== Given data

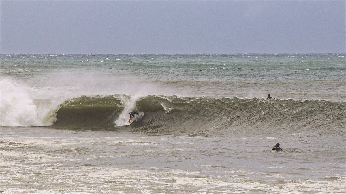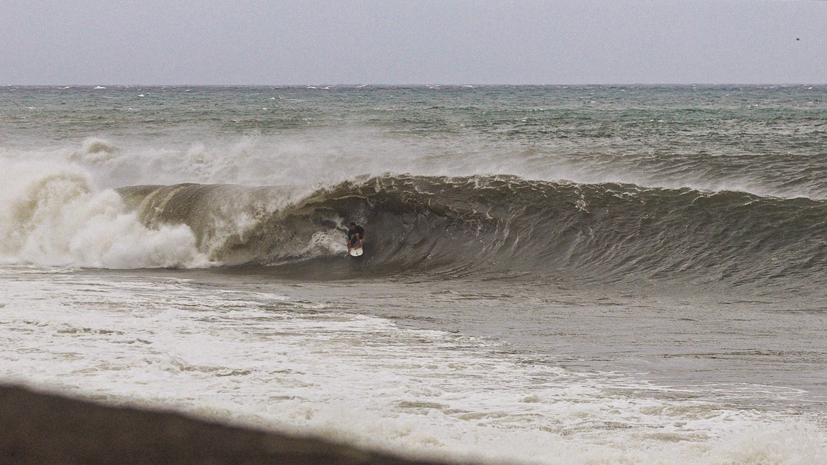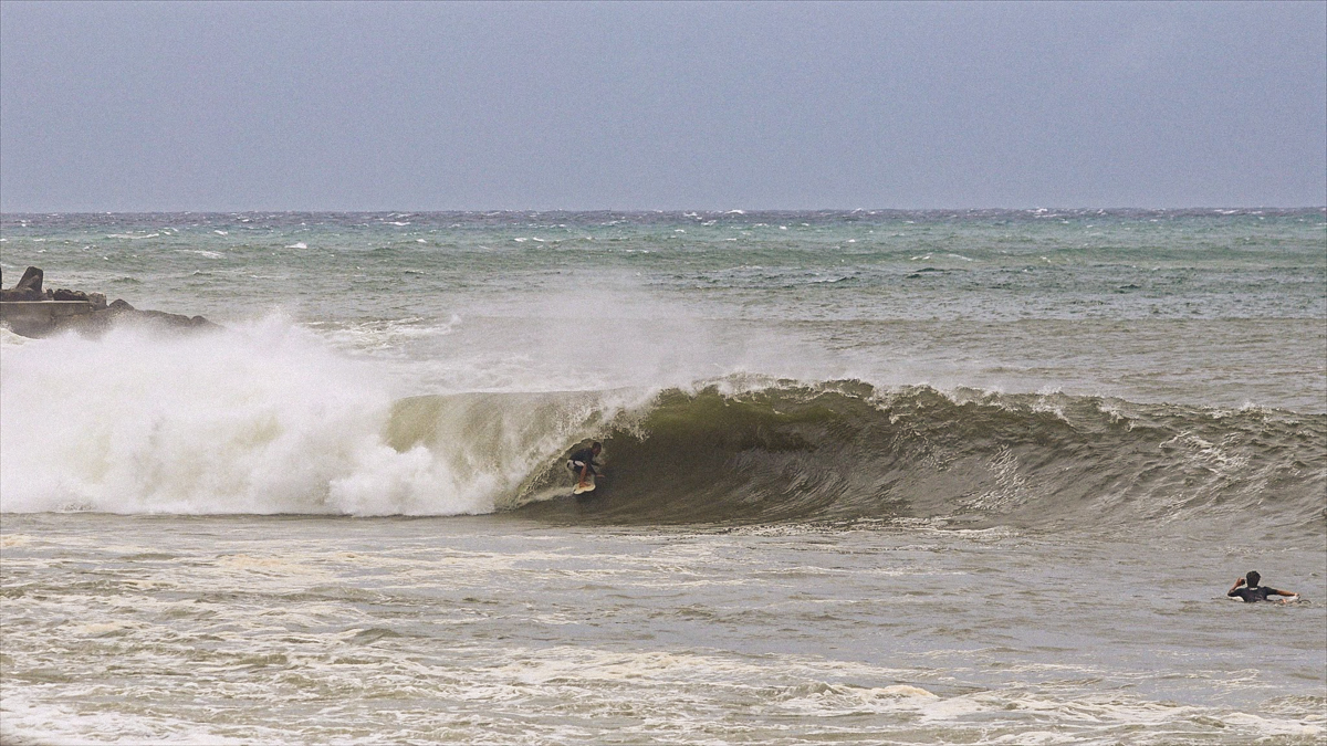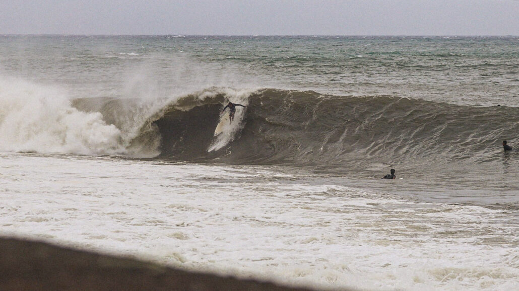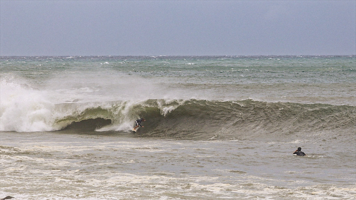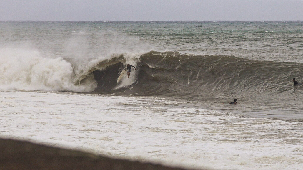 しかし、それでもなおサイズが足りない感は否めず、セットはぼっくりとチューブが口を開けているが、本当に数少ないセット以外は岸に打ち上げられてしまうほどインサイドでやはりサーフィン不可能であるかのように思えた。
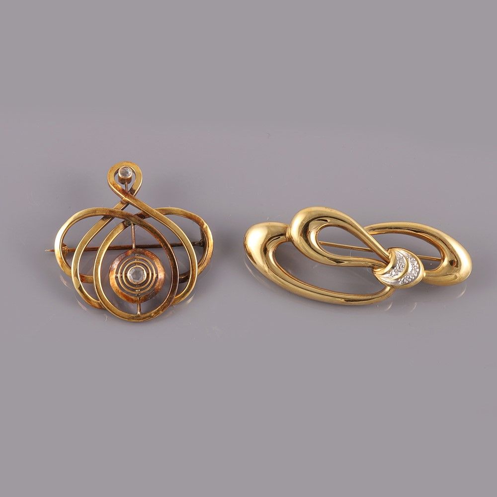 in oro giallo rispettivamente a cartiglio con diamanti taglio a rosa e a nastro con piccoli diamanti, gr. complessivi 10,8. Dimensioni 3,5 x 3,5 cm e 6 x 2 cm ca.
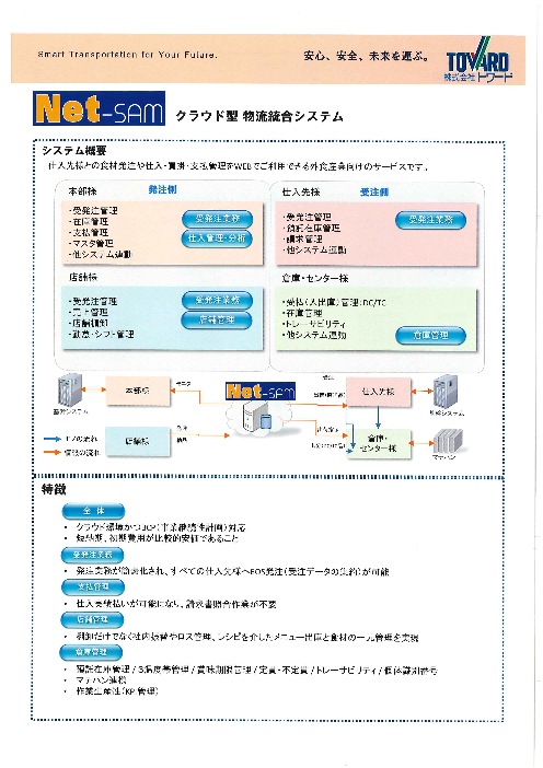 トワードは、物流・ロジスティクスを基盤とした幅広いサービスで お客様の声に応え続けてゆきます。 ・輪配送サービス ・物流センターシステム ・物流管理サービス ・トータル物流ソリューション ・環境保護への取組み ・GPSエコソリューション ...
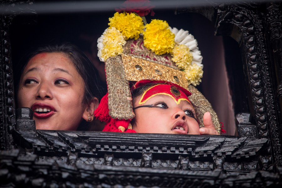 "الكوماري براثا" بايراب تنظر من نافذة خلال مهرجان إندرا جاترا في كاتماندو في نيبال يوم 9 سبتمبر 2022. (شينخوا)
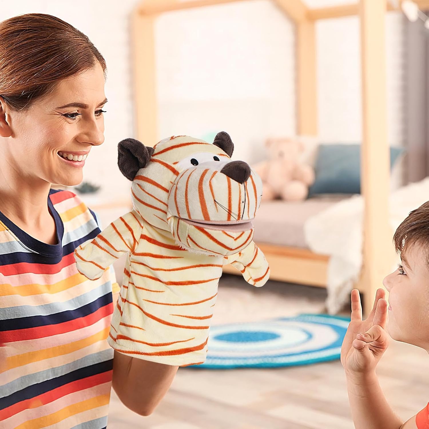 Design realistico: forme speciali di animali da cartone animato, interessanti e attraenti, stimola l'interesse dei bambini e ispira la loro immaginazione con un vivido design dei cartoni animati Una fonte di divertimento: con la sua bocca flessibile e mobile, il nostro burattino a mano è per le attività 'asilo e i giochi di famiglia, trasformando il di gioco in una performance e interessante che porta gioia a tutti i soggetti coinvolti Migliorare la relazione con il bambino: progettati per migliorare i sentimenti, questi burattini a mano aiutano i bambini a migliorare le loro abilità linguistiche e promuovere le relazioni genitore-figlio attraverso interazioni coinvolgenti Ottima artigianato: fabbricato con materiale lussuoso che garantisce un'esperienza di gioco morbida e confortevole, le nostre marionette con i nostri burattini presentano una squisita fattura e sono sicuri da usare, incoraggiando il gioco immaginativo e la compagnia per il tuo bambino Presenti ideali: i burattini a mano incoraggiano il gioco fantasioso per bambini e bambini, spingendo le avventure di narrazione coinvolgente e aumentando lo sviluppo cognitivo
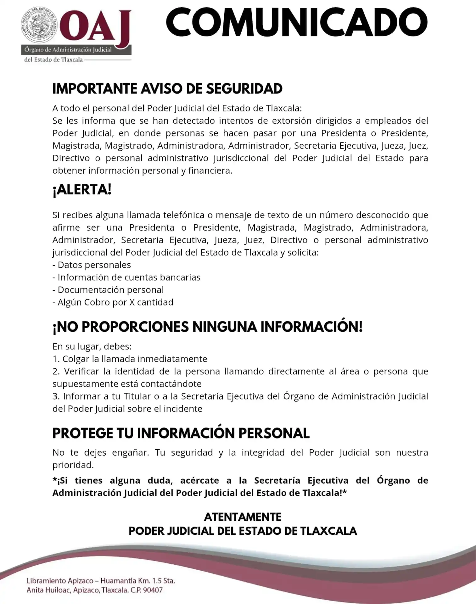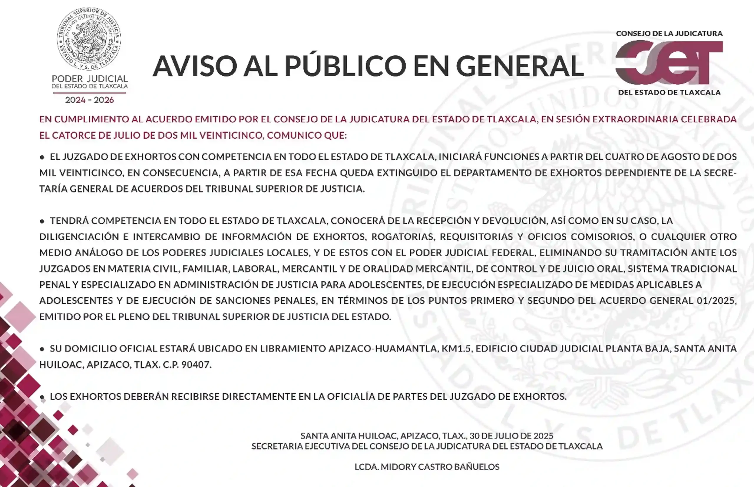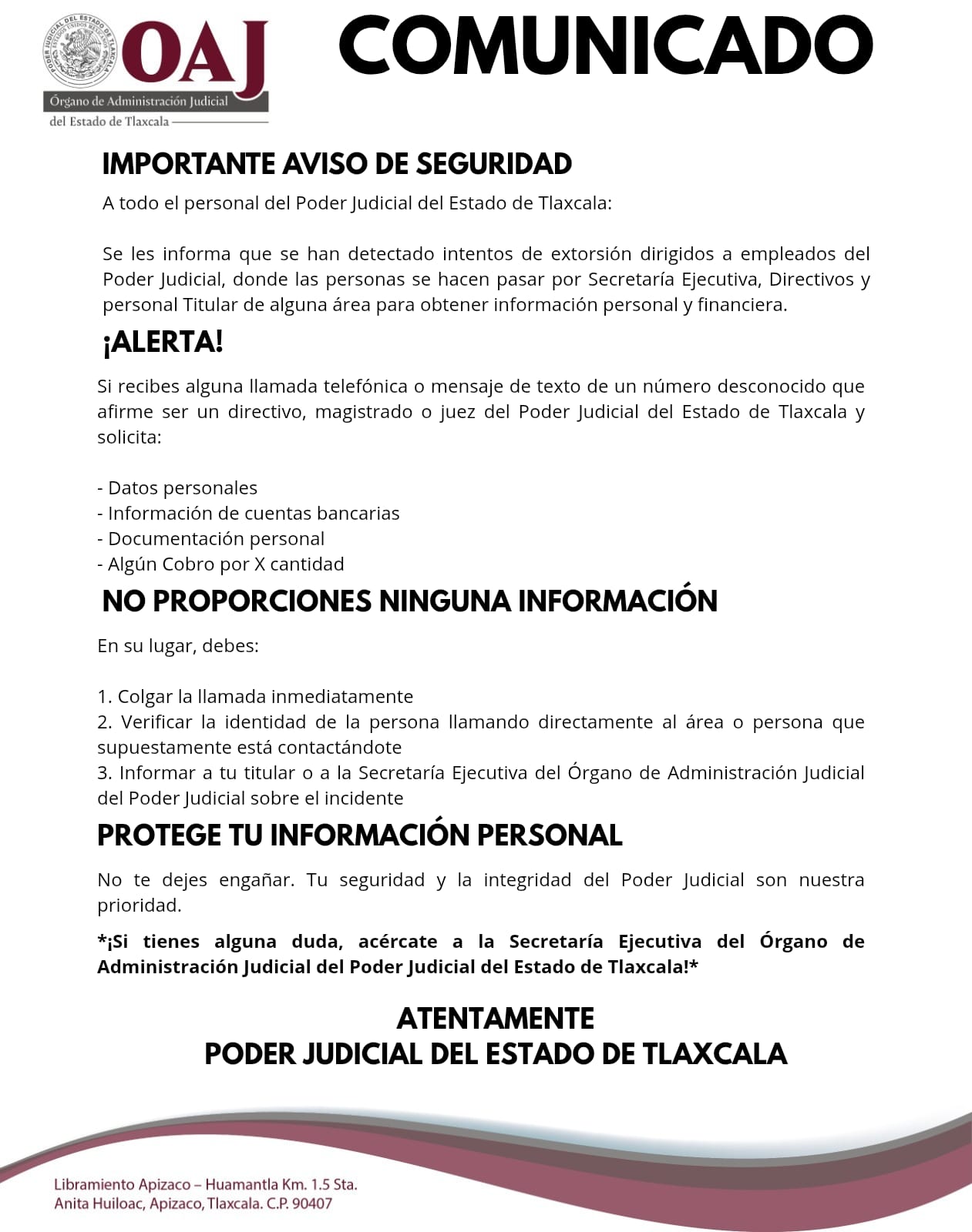 Avisos y Comunicados al público en general y a los servidores públicos del Poder Judicial del Estado de Tlaxcala
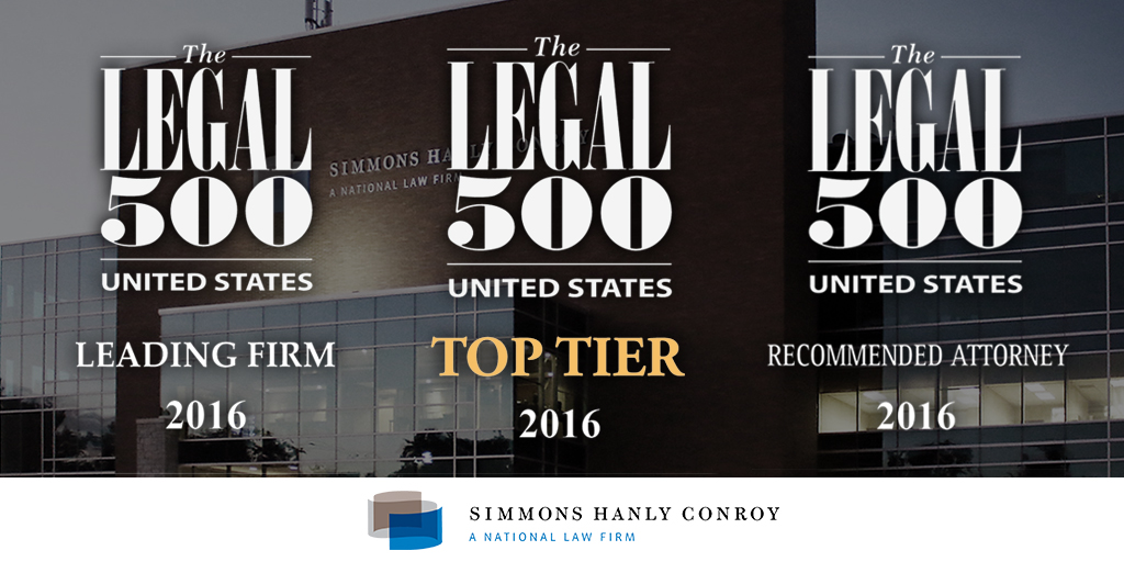 Simmons Hanly Conroy is one of only seven law firms ranked in its category in the 2016 edition of the U.S. Legal 500 referral guide that surveys corporate counsel for their law firm and lawyer recommendations.
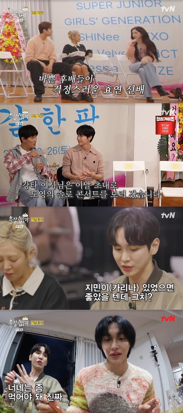 이때 효연은 카리나에게 "밥 먹었어?"라고 묻더니 못 먹었다는 말에 바로 녹화하러 가지 않냐며 걱정을 드러냈다. 효연은 다른 에스파 멤버들도 잊지 않고 챙겼다. 이런 후배 걱정에 수호도 동참했다. 수호가 "밥은 잘 먹니?"라고 다정하게 묻자 카리나는 "활동기일 때는 잘 안 먹으려고 한다. 일할 때 먹는 걸 별로 안 좋아해서"라고 답했고 효연은 "활동할 때는 잘 안 먹게 돼. 더부룩하고, 그치"라며 동감해줬다.
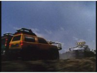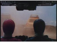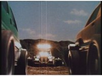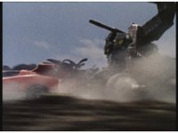 Desert Thunder & Dune Star are spaced part, sharp zoom in on cockpits as the two Rangers sharply turn their wheels and brake, connecting and turning around, driving backwards together. |
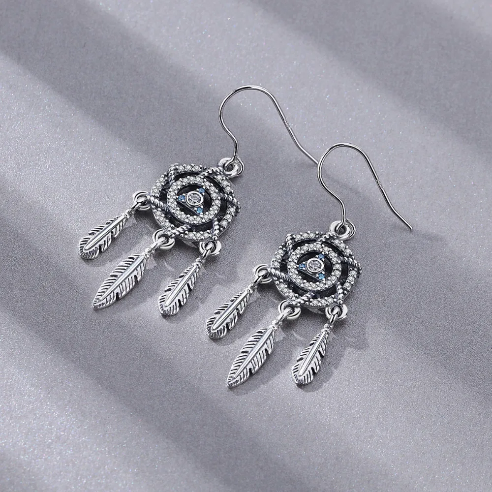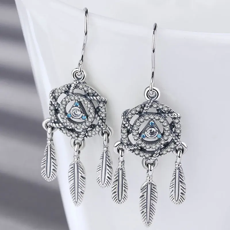 TOP Angel Caller Fashion 925 Sterling Silver Dream Catcher Drop Earrings for Women Vintage Sterling Sil
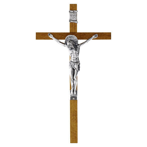 Wall crucifix in pale wood with a smooth, uniform surface, fitted with an upper metal hanger and a figure of Christ cast in alloy with a silver finish, complete with nimbus. Its simple vertical linear design is suitable for religious spaces, home chapels or sacred furnishings.
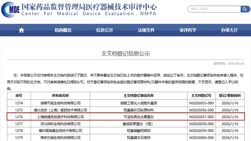 近日,上海锐捷荣创医疗科技有限公司(REGE MedTech) 自主研发的医用级丝素蛋白原材料正式完成国家药品监督管理局医疗器械技术审评中心(CMDE)主文档备案!
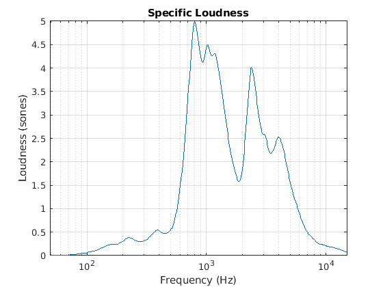 erbBins = 1.8:0.1:38.9; hzBins = erb2hz(erbBins); semilogx(hzBins,specificLoudness) xlabel('Frequency (Hz)') ylabel('Loudness (sones)') title('Specific Loudness') grid on
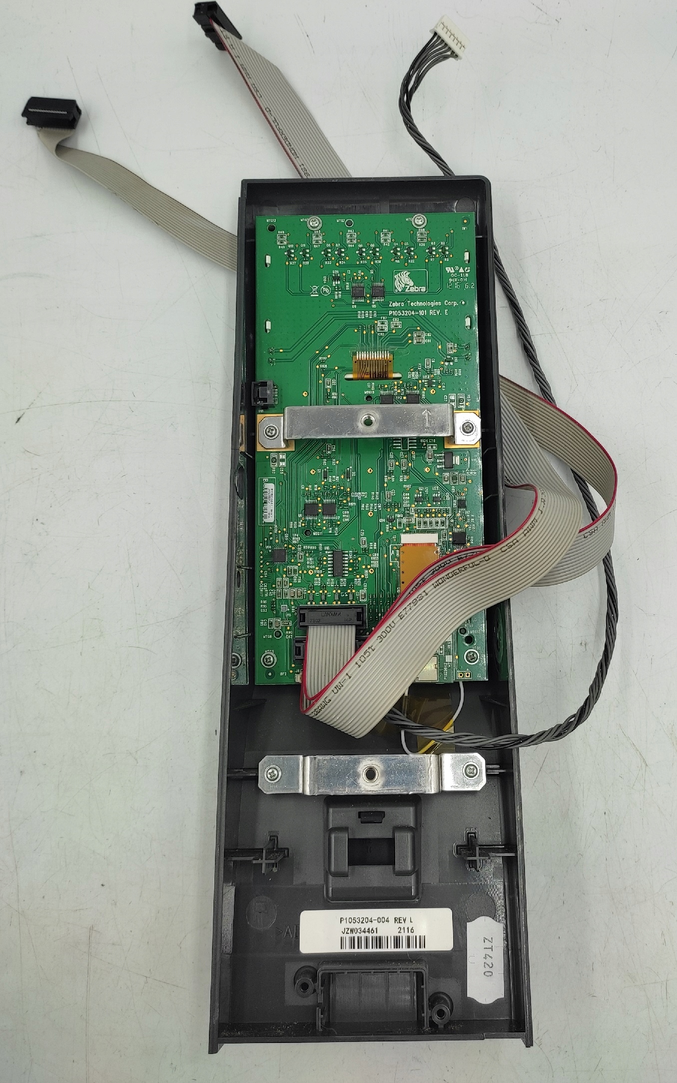 Oferowana część to oryginalny panel sterowania (control panel / operator panel) przeznaczony do drukarki Zebra ZT420. Element zawiera kompletny moduł z wyświetlaczem LCD, przyciskami sterującymi oraz elektroniką (płytką PCB). Umożliwia obsługę urządzenia — zmianę ustawień, kontrolę statusu drukarki i podstawowe operacje, takie jak pauza, podanie etykiety czy anulowanie zadania.
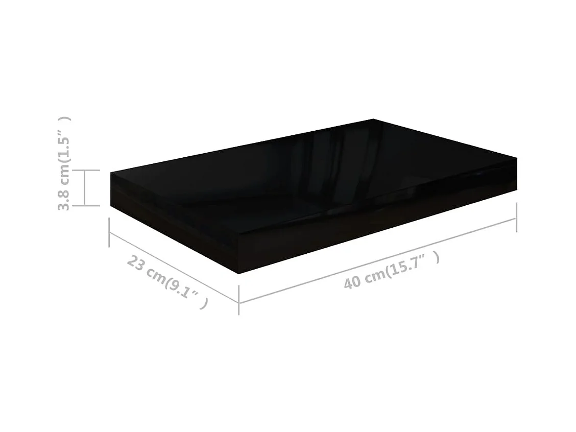 Estante flotante de pared MDF negro brillo 40x23x3,8 cm
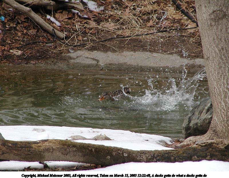 Picture #50: A ducks gotta do what a ducks gotta do 800x623, 131,889 bytes (129K), (html file) Copyright, Michael Meissner 2003, All rights reserved Olympus C-2100UZ camera f/4.0, ISO 100, 1/500 sec, 48.3mm, auto mode, SHQ, matrix metering 35mm equivalent focal length 268.0mm Taken by Michael Meissner on March 15, 2003 12:22:48 Last modified on March 28, 2003 at 09:10 |
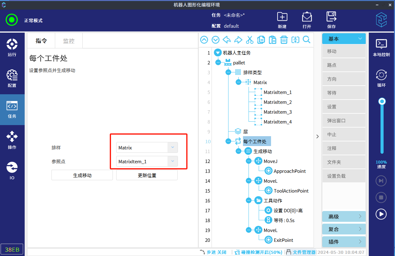在“生成移动”节点下,设置接近点、工具动作点、工具动作以及离开点。设置完成后,工具将对每个工件重复这些动作。

====

§ **Aim of the exercise**
Leaving out every picture, repeat exactly the lines of the records from the start through the line that has "Avisos y Comunicados".

§ **Response**
 しかし、それでもなおサイズが足りない感は否めず、セットはぼっくりとチューブが口を開けているが、本当に数少ないセット以外は岸に打ち上げられてしまうほどインサイドでやはりサーフィン不可能であるかのように思えた。
 in oro giallo rispettivamente a cartiglio con diamanti taglio a rosa e a nastro con piccoli diamanti, gr. complessivi 10,8. Dimensioni 3,5 x 3,5 cm e 6 x 2 cm ca.
 トワードは、物流・ロジスティクスを基盤とした幅広いサービスで お客様の声に応え続けてゆきます。 ・輪配送サービス ・物流センターシステム ・物流管理サービス ・トータル物流ソリューション ・環境保護への取組み ・GPSエコソリューション ...
 "الكوماري براثا" بايراب تنظر من نافذة خلال مهرجان إندرا جاترا في كاتماندو في نيبال يوم 9 سبتمبر 2022. (شينخوا)
 Design realistico: forme speciali di animali da cartone animato, interessanti e attraenti, stimola l'interesse dei bambini e ispira la loro immaginazione con un vivido design dei cartoni animati Una fonte di divertimento: con la sua bocca flessibile e mobile, il nostro burattino a mano è per le attività 'asilo e i giochi di famiglia, trasformando il di gioco in una performance e interessante che porta gioia a tutti i soggetti coinvolti Migliorare la relazione con il bambino: progettati per migliorare i sentimenti, questi burattini a mano aiutano i bambini a migliorare le loro abilità linguistiche e promuovere le relazioni genitore-figlio attraverso interazioni coinvolgenti Ottima artigianato: fabbricato con materiale lussuoso che garantisce un'esperienza di gioco morbida e confortevole, le nostre marionette con i nostri burattini presentano una squisita fattura e sono sicuri da usare, incoraggiando il gioco immaginativo e la compagnia per il tuo bambino Presenti ideali: i burattini a mano incoraggiano il gioco fantasioso per bambini e bambini, spingendo le avventure di narrazione coinvolgente e aumentando lo sviluppo cognitivo
 Avisos y Comunicados al público en general y a los servidores públicos del Poder Judicial del Estado de Tlaxcala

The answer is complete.